- **Supplied entries**:

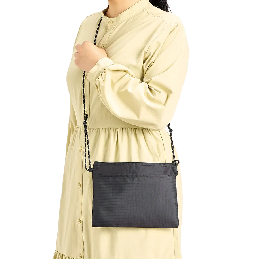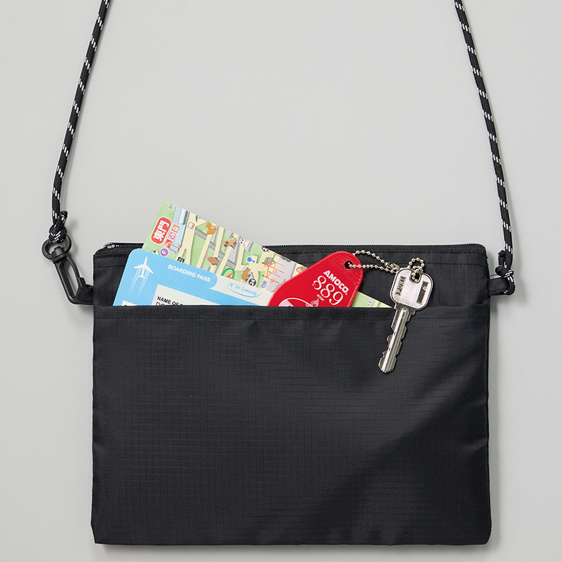 商品概要「リップストップポケットサコッシュ」は、軽量かつ丈夫なリップストップ生地を採用した小型ショルダーバッグです。本体サイズは約W240×H170(mm)、ショルダー部分は約W5×H1250(mm)とコンパクトながら、必要な小物がしっかり収納できるバランスの良いサイズ感です。フロントにはオープンポケットを備え、スマートフォンや交通系ICカードなどの出し入れがスムーズ。さらに、口元は安心のファスナー仕様となっており、財布や貴重品を安全に持ち歩くことができます。ショルダーは結び目部分で長さ調節が可能で、男女問わずお使いいただける汎用性の高さも魅力です。
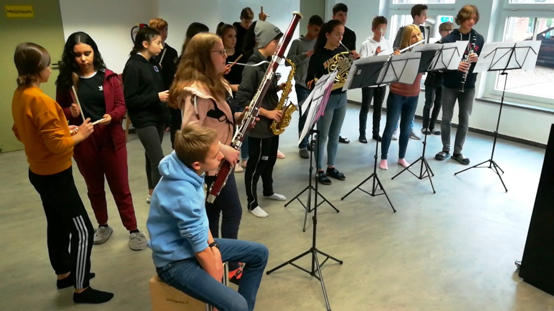 Wir haben mit viel Kreativität selbst Texte auf Englisch und Deutsch zu der Melodie geschrieben, eine Stomp-Version einstudiert und eine Fassung für Blasquintett für Querflöte, Saxophon, Klarinette, Horn und Fagott erarbeitet. Sogar einen RAP haben wir geschrieben. In fünf Gruppen entwickelten wir die Texte sowohl zu biografischen als auch zu musikalischen Themen.
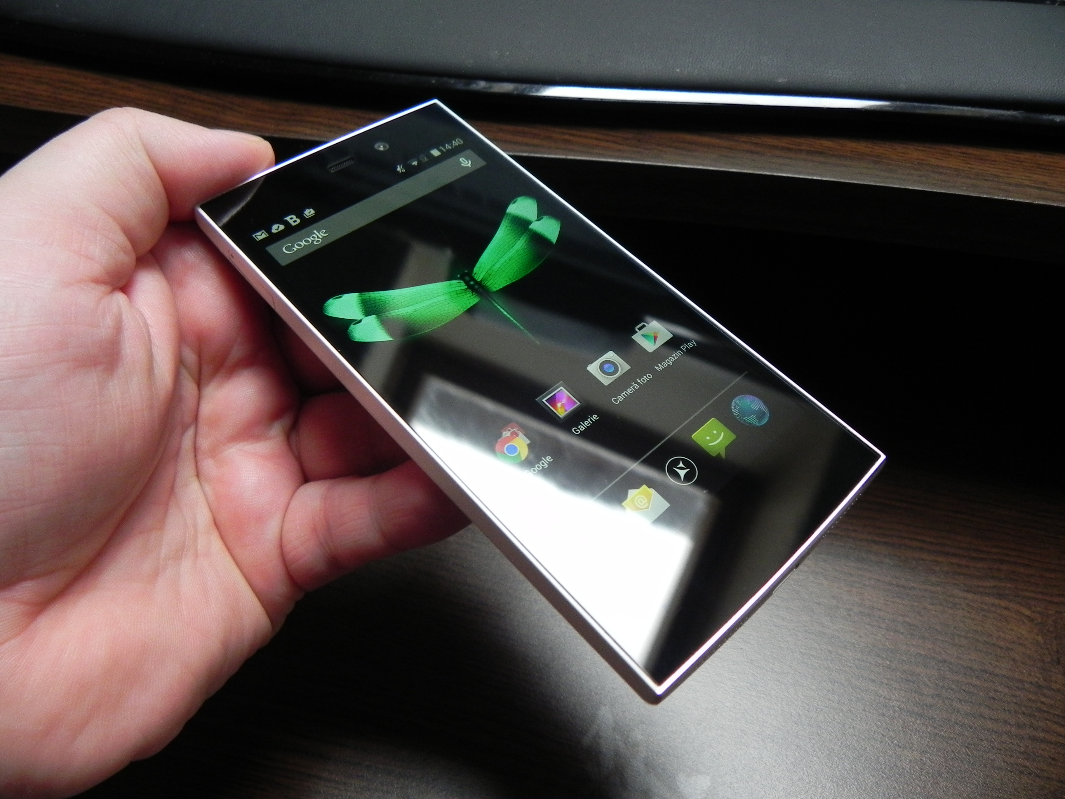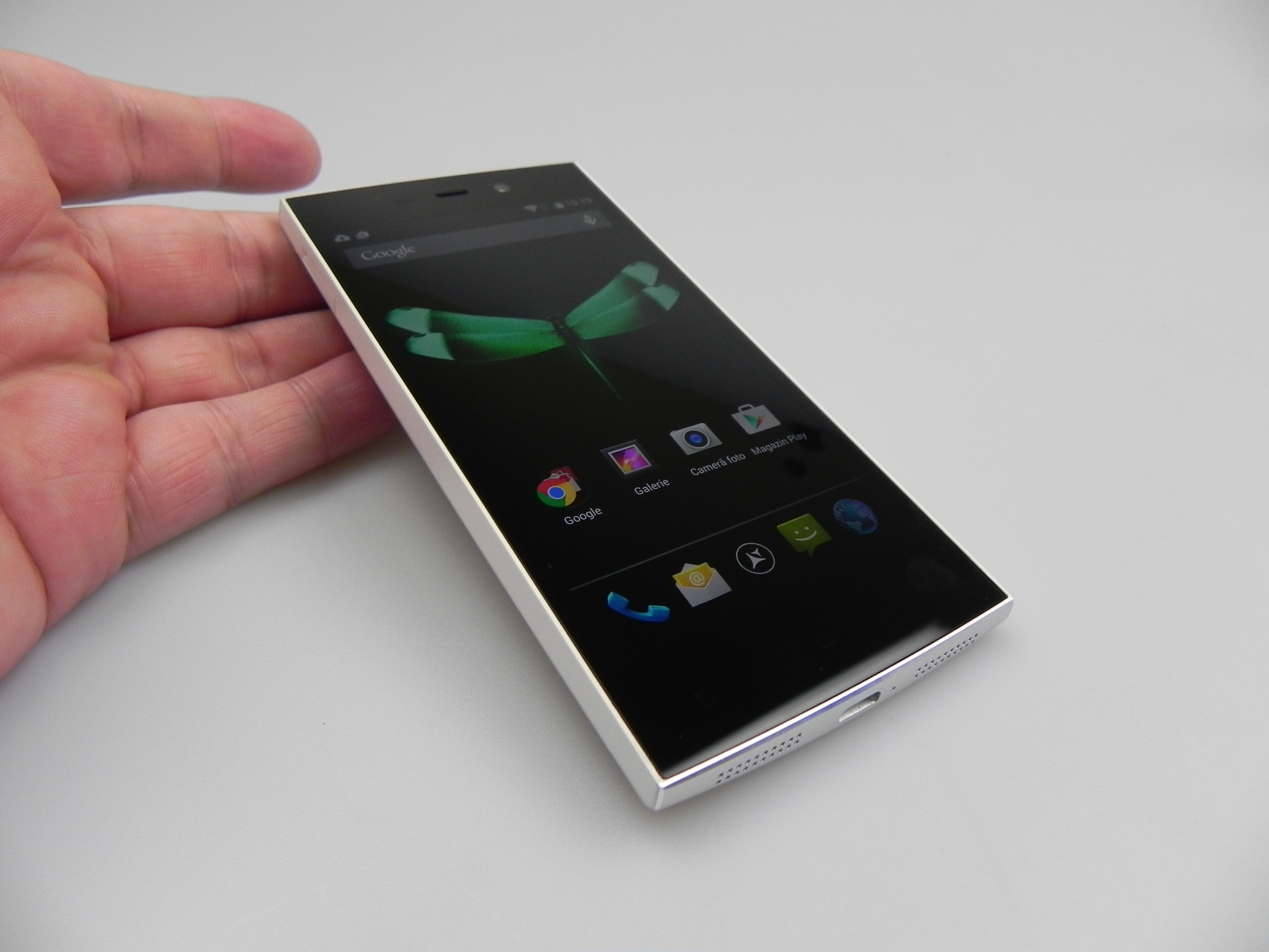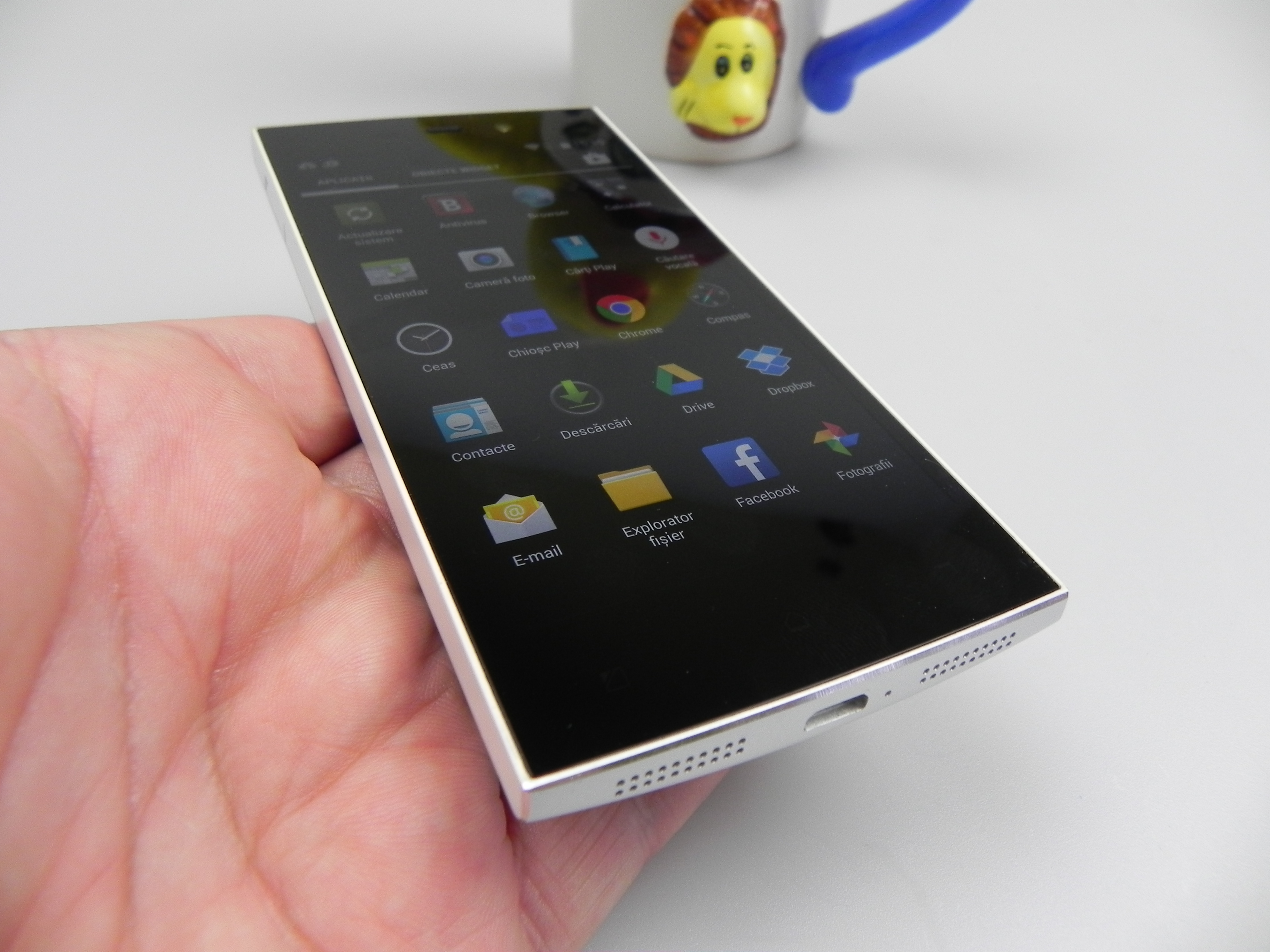 The device was also tested with a thermometer, achieving 38.5 degrees Celsius, after 15 minutes of playing Riptide GP2, so there’s no overheating. The browser was reasonably fast and the keyboard was the stock one. The phone calling part offered loud and clear calls, an OK volume, but there were problems with the WiFi and 3G signal and abnormally low download speeds, on both connections, sadly. The fault of the metal case? Maybe…
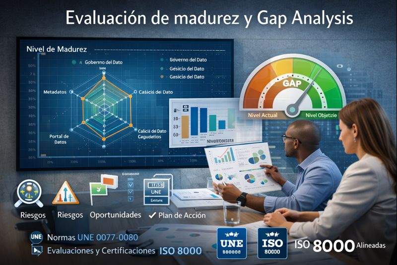 Utilizamos como referencia las normas UNE 0077–0080, identificando brechas, riesgos y oportunidades de mejora, y definiendo un plan de acción priorizado y realista.
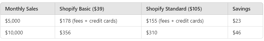Choosing the right Shopify plan can help you balance your needs and expenses. While it’s tempting to stick with Shopify Basic because of its lower monthly fee, stores with higher sales volumes will save money in the long run by upgrading to Standard or Advanced. This is because the higher-tier plans come with lower transaction fees and credit card processing rates, which can add up to significant savings as your sales increase.

- **Problem requirements**:
All of the entries above need to be transcribed exactly, except for the pictures.

- **Exercise output**:
 商品概要「リップストップポケットサコッシュ」は、軽量かつ丈夫なリップストップ生地を採用した小型ショルダーバッグです。本体サイズは約W240×H170(mm)、ショルダー部分は約W5×H1250(mm)とコンパクトながら、必要な小物がしっかり収納できるバランスの良いサイズ感です。フロントにはオープンポケットを備え、スマートフォンや交通系ICカードなどの出し入れがスムーズ。さらに、口元は安心のファスナー仕様となっており、財布や貴重品を安全に持ち歩くことができます。ショルダーは結び目部分で長さ調節が可能で、男女問わずお使いいただける汎用性の高さも魅力です。
 Wir haben mit viel Kreativität selbst Texte auf Englisch und Deutsch zu der Melodie geschrieben, eine Stomp-Version einstudiert und eine Fassung für Blasquintett für Querflöte, Saxophon, Klarinette, Horn und Fagott erarbeitet. Sogar einen RAP haben wir geschrieben. In fünf Gruppen entwickelten wir die Texte sowohl zu biografischen als auch zu musikalischen Themen.
 The device was also tested with a thermometer, achieving 38.5 degrees Celsius, after 15 minutes of playing Riptide GP2, so there’s no overheating. The browser was reasonably fast and the keyboard was the stock one. The phone calling part offered loud and clear calls, an OK volume, but there were problems with the WiFi and 3G signal and abnormally low download speeds, on both connections, sadly. The fault of the metal case? Maybe…
 Utilizamos como referencia las normas UNE 0077–0080, identificando brechas, riesgos y oportunidades de mejora, y definiendo un plan de acción priorizado y realista.
Choosing the right Shopify plan can help you balance your needs and expenses. While it’s tempting to stick with Shopify Basic because of its lower monthly fee, stores with higher sales volumes will save money in the long run by upgrading to Standard or Advanced. This is because the higher-tier plans come with lower transaction fees and credit card processing rates, which can add up to significant savings as your sales increase.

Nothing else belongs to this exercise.